Michelle's Spell of the Day
"Cease your folly and give up for lost what you see is lost.” Catullus

Cocktail Hour
Drinking memoir suggestion: Three Dog Life Abigail Thomas

Benedictions and Maledictions
Happy Tuesday!

9 comments:

Bder said...

Hello my darling,
You don't know I love you or I am addicted you so much.
I am intersted in reading you blog every day because of yours

I would like to meet you one day.

You have to know that one who I am , love you more than my self.
everything you have is so cute
you are not cute
but the cute is you , follow what I mean

Milions of kiss for you xxxxxxxxxxxxxxxxxxxxxxxxxxxxxxxxxxxxxxxxxxxxxxxxxxxxxxxxxxxxxxxxxxxxxxxxxxxxxxxxxxxxxxxxxxxxxxxxxxxxxxxxx

Brianinmpls said...

Paper, rock scissors?

I generally liked this one although
Some points in this the emphasis and added details in the dialog takes away from what you are trying to say it robs it of the power of your words and thoughts.

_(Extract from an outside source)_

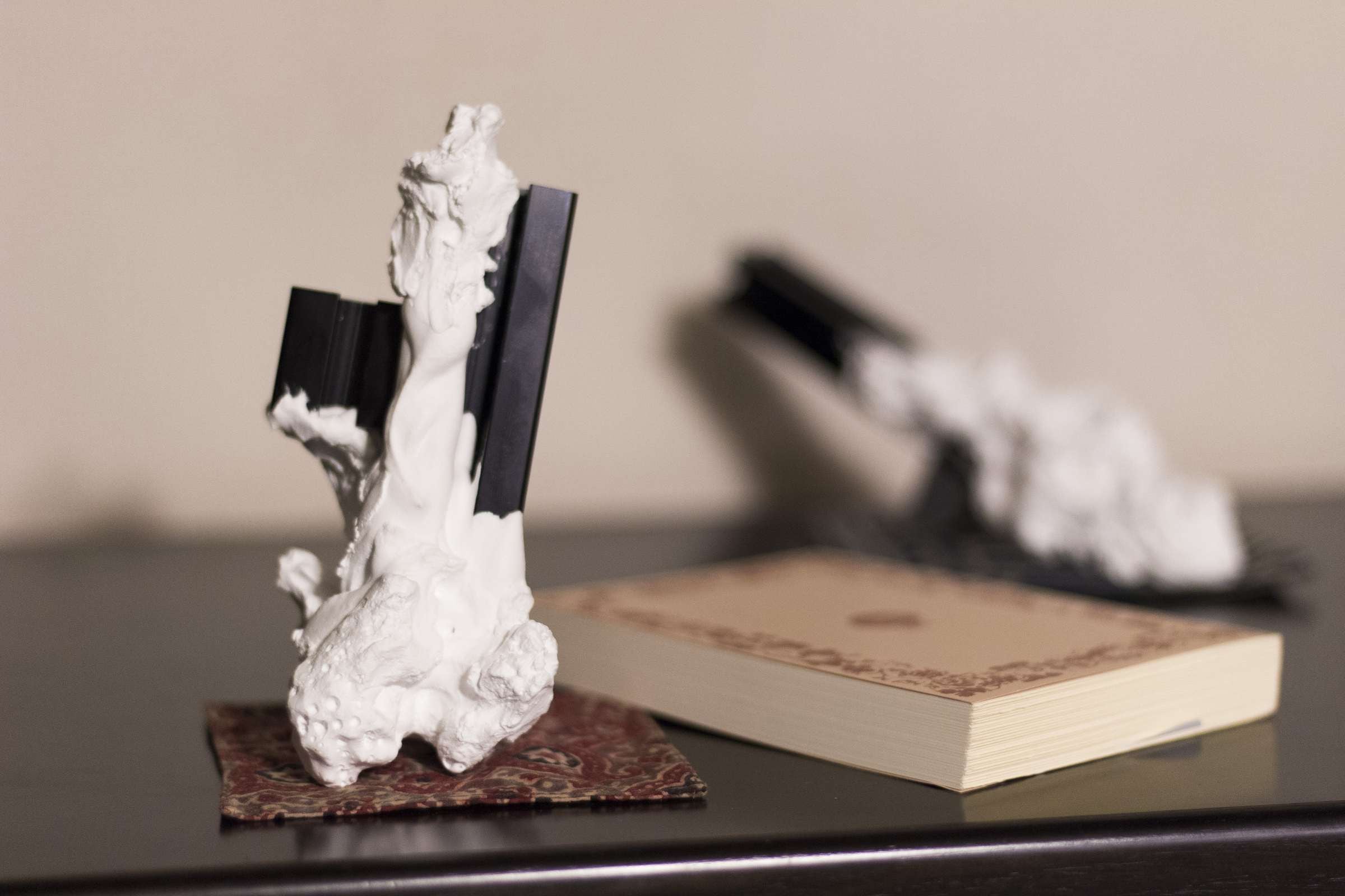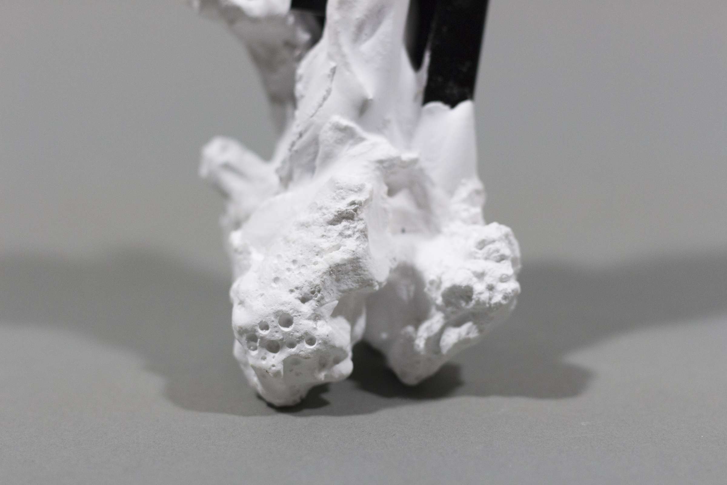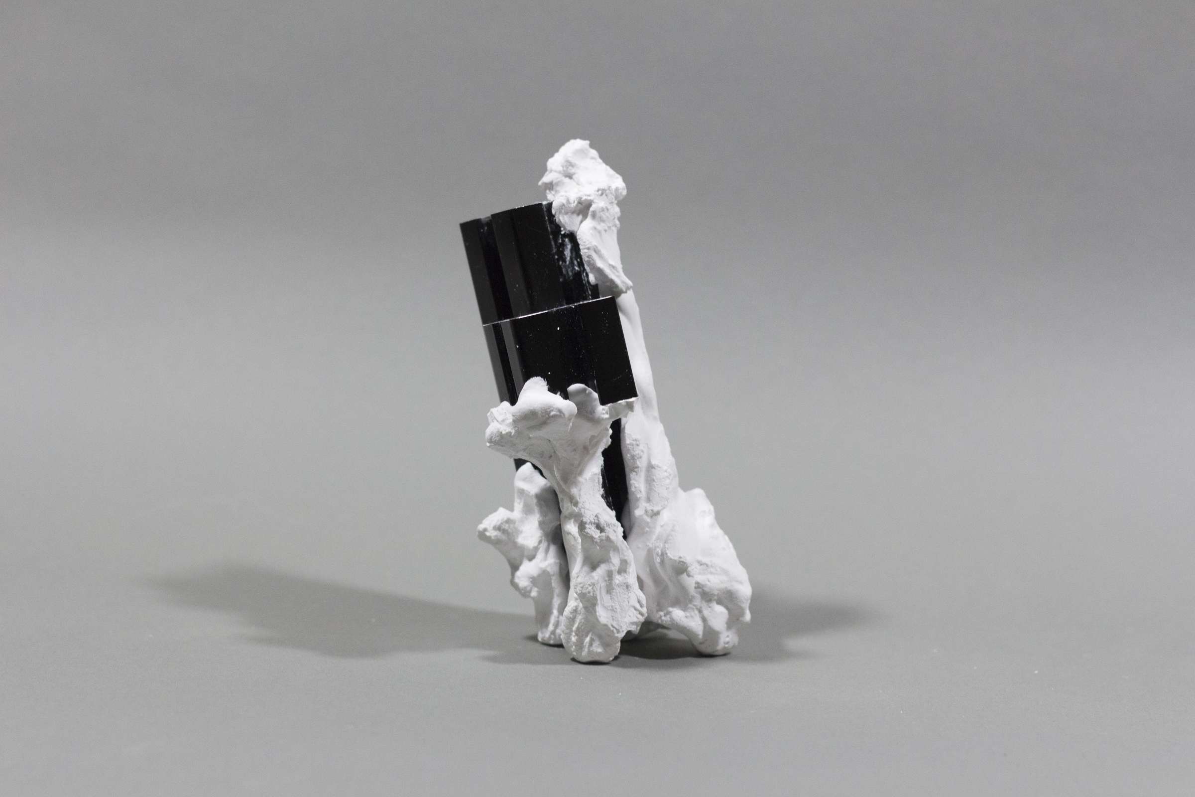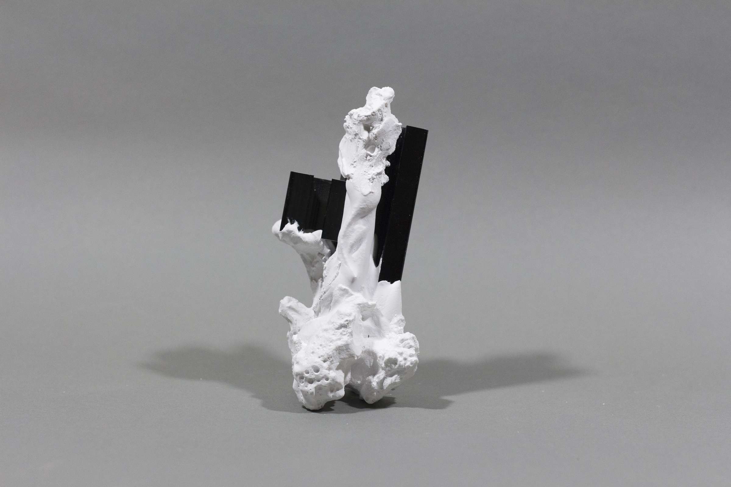 《remnant》は、工業用アルミフレームに半硬化の石膏を塗布し、有機的な造形を施したシリーズです。人間が世界を理解し秩序化するために用いる「フレーム」、そしてそこからこぼれ落ちるものへの関心から生まれた本作は、装飾を自律的な外部として分析した《Rampant on a frame》の新たな展開にあたります。対照的な二つの造形は、秩序と逸脱、人工と自然、意図と偶発の境界を曖昧にし、フレームという構造そのものを問い直します。硬化の過程で生まれる石膏の不定形な痕跡は、作家の手によって追認され、造形としての体系を獲得していきます。フレームに宿るこの生成は、例えば漂着物を覆う藻や貝のように、静かにフレームとの関係を更新していくのです。(西永和輝)

If that makes sense?

Charles Gramlich said...

I think you can't really say "enjoyable" to a piece like this. But it was very effective. It left behind a mood. The emotions are handled extremely well. I still like the kids much better than the adults. They seem infinetely more mature in many ways here.

Anonymous said...

Kroger: Right store, right price. And please don't squeeze the Charmin!!!!

the walking man said...

No, not the last installment...C'mon Coley is a story all in herself. I would like to know how she got from where you left her to how she got to Josh.

But all in all I think that Anderson was moving too fast to soon and not aging as gracefully as I am for example. But for a short it works well in the telling of a slice of a characters life most of us are familiar with.

Peace

mark

Anonymous said...

That's what I call an erupting volcano, if you know what I mean.

Anonymous said...

Nice set of legs there!

Anonymous said...

Would you honor us with a version of Vanity Fair's "Proust Questionnaire" that the Walking Man has hit on, Michelle? I for one would be fascinated by your answers. God bless you.

Whitenoise said...

Intriguing. Set the hook, reeled me in, left me wanting more.